- **PROBLEM STATEMENT**
Could the data below please be reproduced word for word, without the pictures?

INFORMATION SUPPLIED START

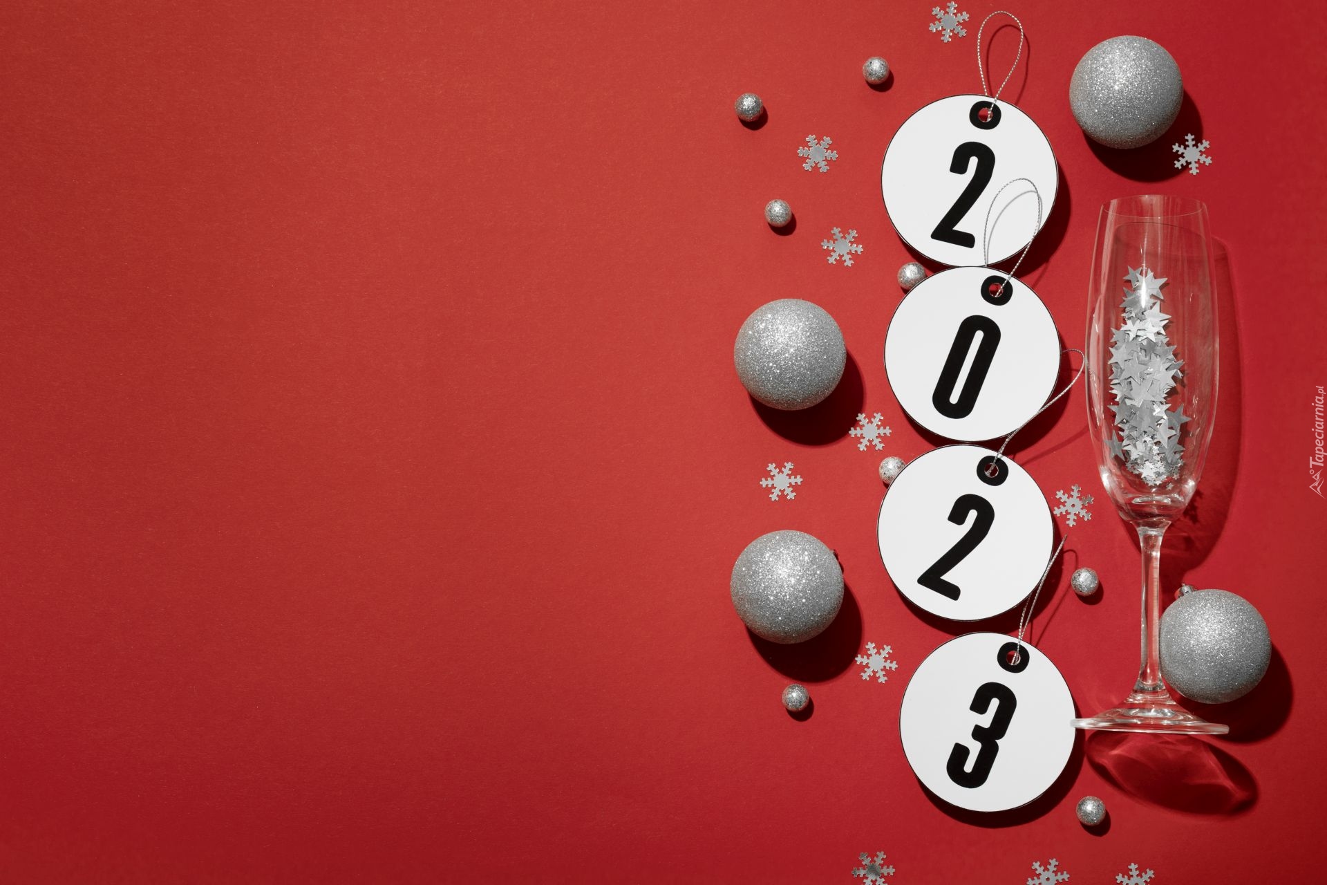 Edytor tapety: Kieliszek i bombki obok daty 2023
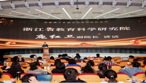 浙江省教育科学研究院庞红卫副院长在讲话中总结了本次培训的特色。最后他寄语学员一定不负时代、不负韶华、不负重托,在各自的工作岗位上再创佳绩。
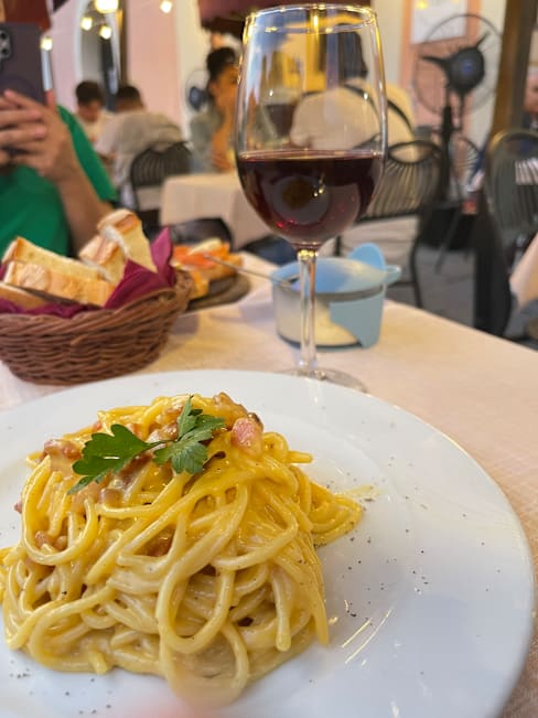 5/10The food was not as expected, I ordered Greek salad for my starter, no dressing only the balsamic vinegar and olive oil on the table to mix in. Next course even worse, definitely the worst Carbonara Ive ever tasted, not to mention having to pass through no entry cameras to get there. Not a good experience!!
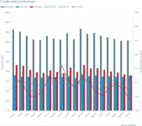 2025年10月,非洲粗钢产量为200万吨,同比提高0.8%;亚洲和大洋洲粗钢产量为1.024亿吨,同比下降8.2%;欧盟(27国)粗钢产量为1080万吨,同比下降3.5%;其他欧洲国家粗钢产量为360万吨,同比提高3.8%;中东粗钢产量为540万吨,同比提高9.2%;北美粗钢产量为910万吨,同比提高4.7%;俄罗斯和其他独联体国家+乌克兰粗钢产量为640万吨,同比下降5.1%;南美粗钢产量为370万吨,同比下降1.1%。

INFORMATION SUPPLIED END

- **WRITTEN ANSWER**
 Edytor tapety: Kieliszek i bombki obok daty 2023
 浙江省教育科学研究院庞红卫副院长在讲话中总结了本次培训的特色。最后他寄语学员一定不负时代、不负韶华、不负重托,在各自的工作岗位上再创佳绩。
 5/10The food was not as expected, I ordered Greek salad for my starter, no dressing only the balsamic vinegar and olive oil on the table to mix in. Next course even worse, definitely the worst Carbonara Ive ever tasted, not to mention having to pass through no entry cameras to get there. Not a good experience!!
 2025年10月,非洲粗钢产量为200万吨,同比提高0.8%;亚洲和大洋洲粗钢产量为1.024亿吨,同比下降8.2%;欧盟(27国)粗钢产量为1080万吨,同比下降3.5%;其他欧洲国家粗钢产量为360万吨,同比提高3.8%;中东粗钢产量为540万吨,同比提高9.2%;北美粗钢产量为910万吨,同比提高4.7%;俄罗斯和其他独联体国家+乌克兰粗钢产量为640万吨,同比下降5.1%;南美粗钢产量为370万吨,同比下降1.1%。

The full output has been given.